## [Directions for this task]
Give the data again exactly as written, skipping any pictures.

## [Available data]
====

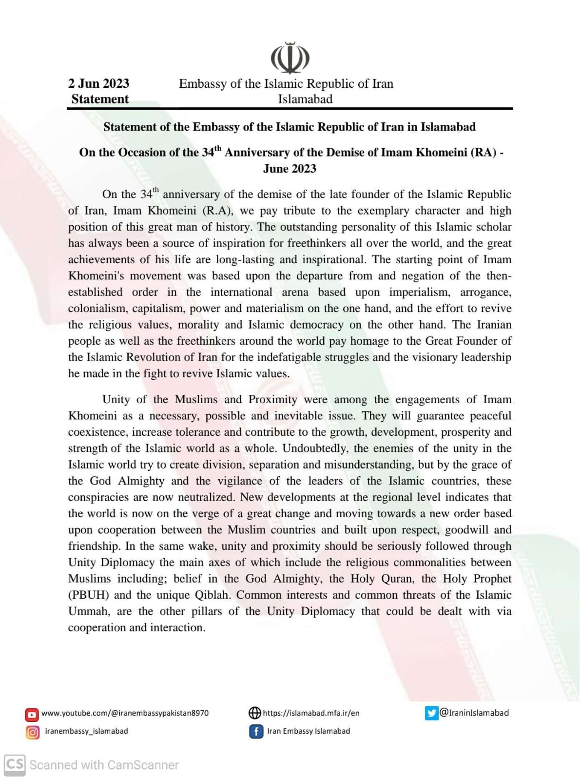 Statement of the Embassy of the Islamic Republic of Iran in Islamabad
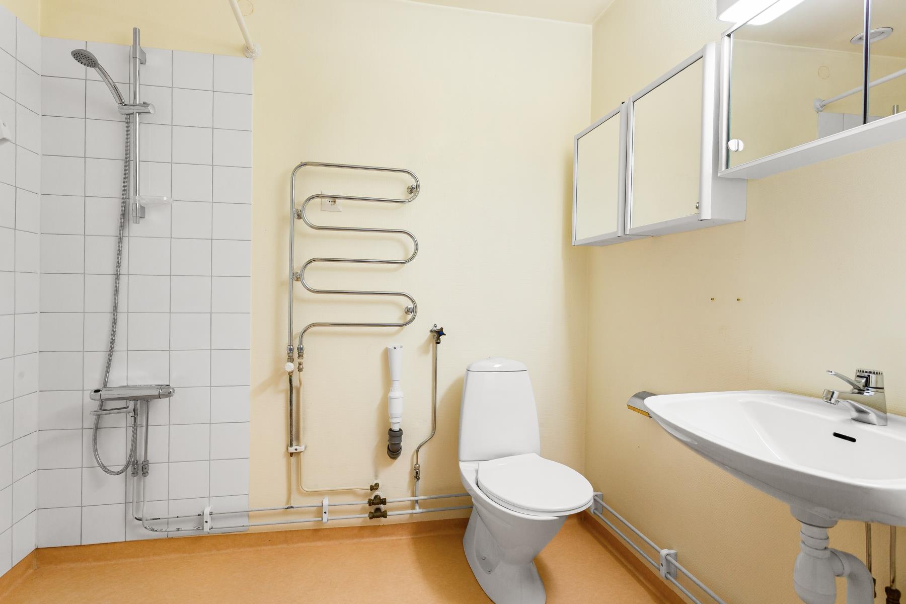 Badrum utrustat med wc-stol, kaklad dusch-hörna, handdukstork, tvättställ och spegelskåp. Våtrumstapet- och matta. Badrummet är förberett för tvättmaskin.
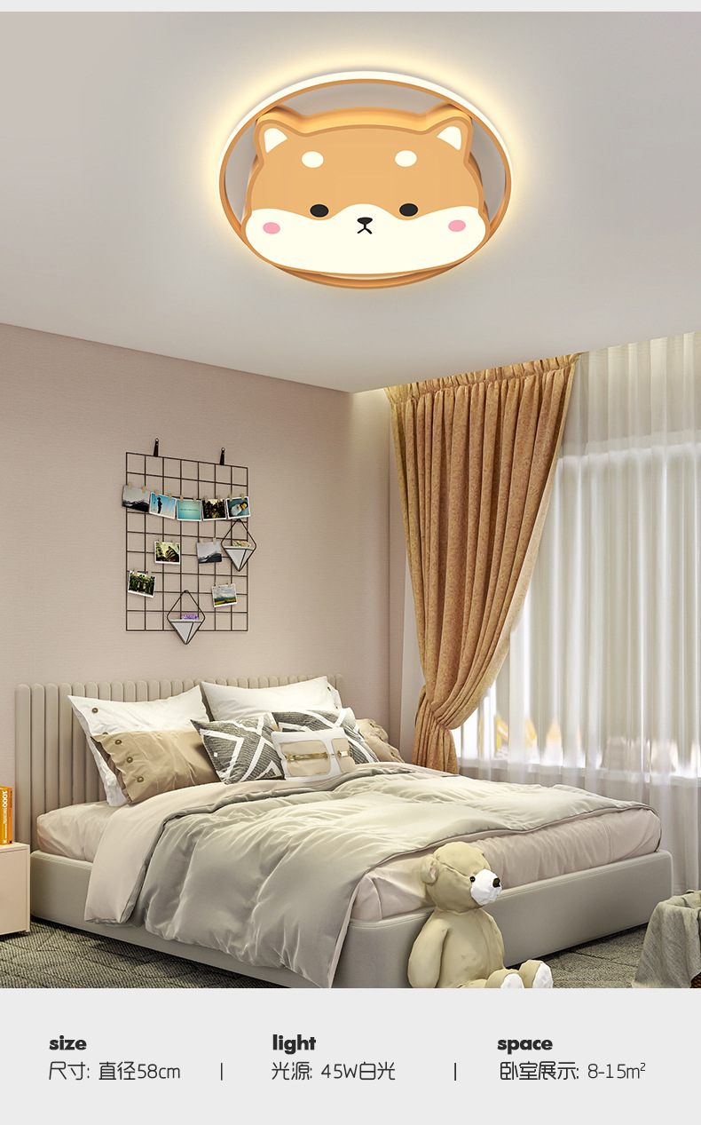 儿童房间灯男孩女孩卡通可爱创意温馨柴犬卧室灯led护眼吸顶灯具

====

## [Result for this exercise]
 Statement of the Embassy of the Islamic Republic of Iran in Islamabad
 Badrum utrustat med wc-stol, kaklad dusch-hörna, handdukstork, tvättställ och spegelskåp. Våtrumstapet- och matta. Badrummet är förberett för tvättmaskin.
 儿童房间灯男孩女孩卡通可爱创意温馨柴犬卧室灯led护眼吸顶灯具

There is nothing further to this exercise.